### INSTRUCTIONS TO FOLLOW
The answer must be an exact copy of the records, with every picture left out.

▼

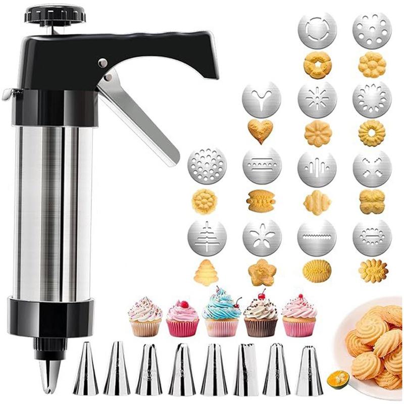Dieses Set aus rostfreiem Stahl ist ein praktisches und kreatives Backwerkzeug, das Ihnen hilft, Kekse zu formen und Desserts mit Präzision und Leichtigkeit zu dekorieren. Mit den verschiedenen mitgelieferten Scheiben und Spritzdüsen können Sie mit verschiedenen Mustern und Dekorationsarten für Kekse, Kuchen und Gebäck experimentieren. Langlebig, benutzerfreundlich und einfach zu reinigen, ist es eine zuverlässige Ergänzung für die Küche eines jeden Bäckers.
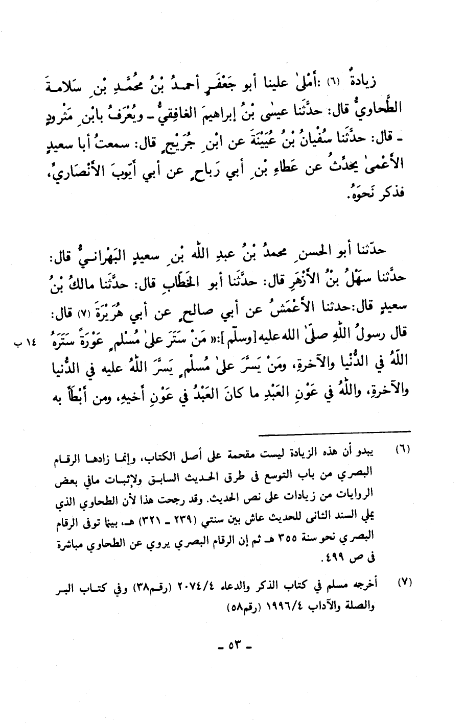 حدثنا أبو الحسن محمد بن عبد الله بن سعيدٍ البهراني قال: حدثنا سهل بن الأزهر قال: حدثنا أبو الخطاب قال: حدثنا مالك بن سعيدٍ قال: حدثنا الأعمش عن أبي صالحٍ عن أبي هريرة قال: قال رسول الله صلى الله عليه وسلم : ((من ستر على مسلمٍ عورةً ستره الله في الدنيا والآخرة، ومن يسر على مسلمٍ يسر الله عليه في الدنيا والآخرة، والله في عون العبد ما كان العبد في عون أخيه، ومن أبطأ به
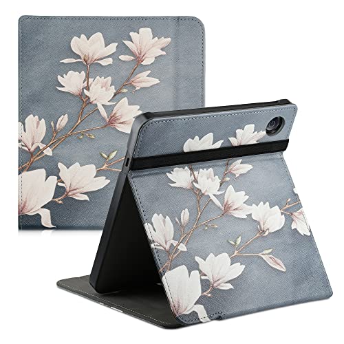 Kwmobile Custodia Cinturino Mano Compatibile con KoboSage Cover - Custodia eReader Stand - marrone grigio/bianco/grigio blu Magnolie
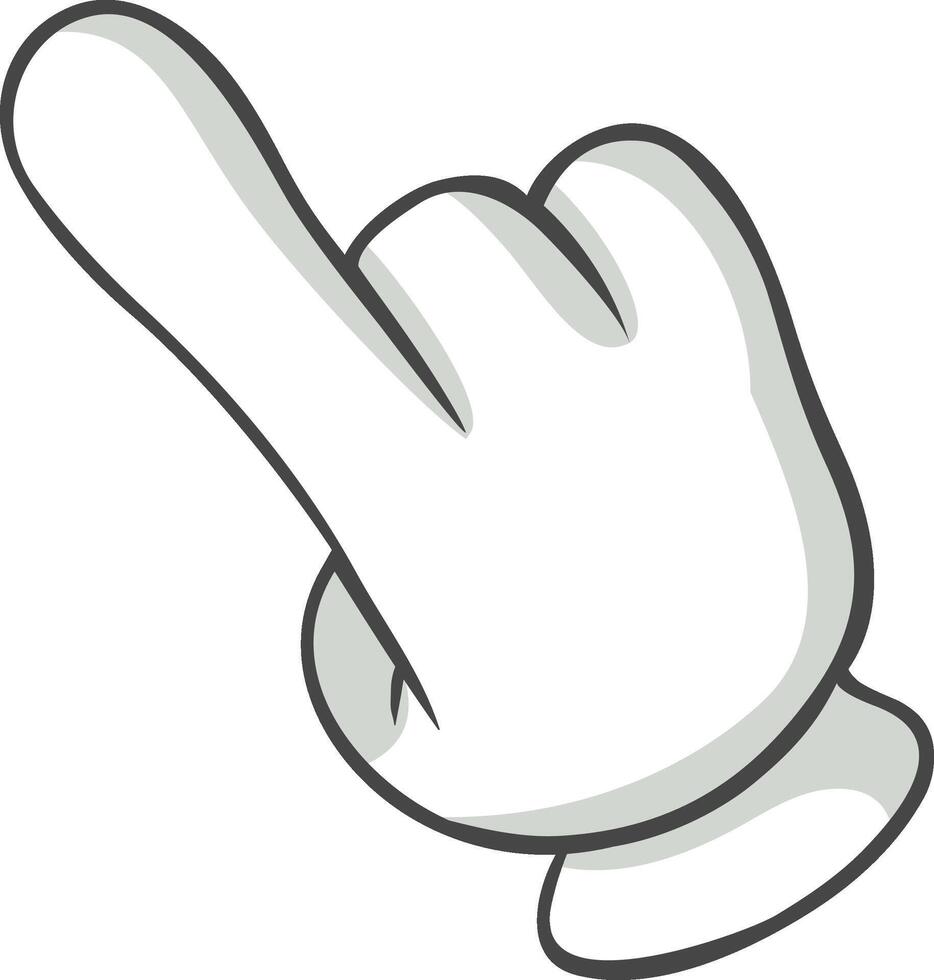 Cartoon hand featuring a white glove, pointing with an index finger to the left side, set against a clean white background, effectively conveying direction and communication Pro Vector
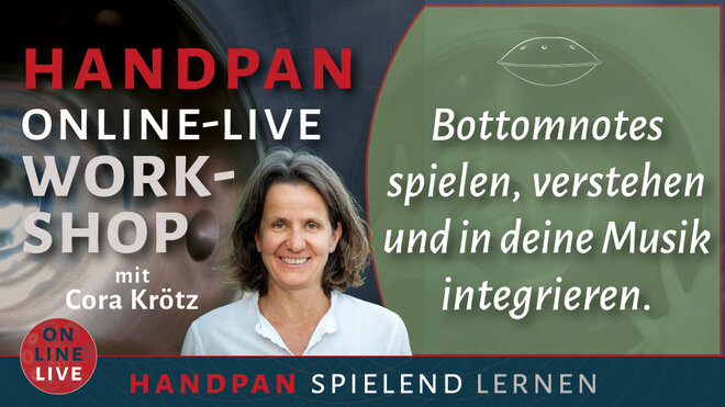 In diesem 3-teiligen Online-Live-Workshop zeige ich dir Schritt für Schritt, wie du deine Bottomnotes ganz natürlich in dein Spiel und in deine Musik integrierst. Du bekommst konkrete Spielideen, einfache Übungen und musikalische Zusammenhänge, die du direkt auf deiner eigenen Handpan ausprobieren kannst.
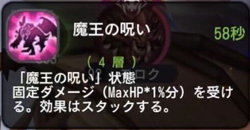 魔王の呪いは効果がスタックし、効果中はMaxHP1%分の固定ダメージを受けます。ヘルトルネードの被ダメージも含めて厄介なため、付与されたら離れて解除を待ちましょう。

▲

### SOLUTION FOR THIS TASK
Dieses Set aus rostfreiem Stahl ist ein praktisches und kreatives Backwerkzeug, das Ihnen hilft, Kekse zu formen und Desserts mit Präzision und Leichtigkeit zu dekorieren. Mit den verschiedenen mitgelieferten Scheiben und Spritzdüsen können Sie mit verschiedenen Mustern und Dekorationsarten für Kekse, Kuchen und Gebäck experimentieren. Langlebig, benutzerfreundlich und einfach zu reinigen, ist es eine zuverlässige Ergänzung für die Küche eines jeden Bäckers.
 حدثنا أبو الحسن محمد بن عبد الله بن سعيدٍ البهراني قال: حدثنا سهل بن الأزهر قال: حدثنا أبو الخطاب قال: حدثنا مالك بن سعيدٍ قال: حدثنا الأعمش عن أبي صالحٍ عن أبي هريرة قال: قال رسول الله صلى الله عليه وسلم : ((من ستر على مسلمٍ عورةً ستره الله في الدنيا والآخرة، ومن يسر على مسلمٍ يسر الله عليه في الدنيا والآخرة، والله في عون العبد ما كان العبد في عون أخيه، ومن أبطأ به
 Kwmobile Custodia Cinturino Mano Compatibile con KoboSage Cover - Custodia eReader Stand - marrone grigio/bianco/grigio blu Magnolie
 Cartoon hand featuring a white glove, pointing with an index finger to the left side, set against a clean white background, effectively conveying direction and communication Pro Vector
 In diesem 3-teiligen Online-Live-Workshop zeige ich dir Schritt für Schritt, wie du deine Bottomnotes ganz natürlich in dein Spiel und in deine Musik integrierst. Du bekommst konkrete Spielideen, einfache Übungen und musikalische Zusammenhänge, die du direkt auf deiner eigenen Handpan ausprobieren kannst.
 魔王の呪いは効果がスタックし、効果中はMaxHP1%分の固定ダメージを受けます。ヘルトルネードの被ダメージも含めて厄介なため、付与されたら離れて解除を待ちましょう。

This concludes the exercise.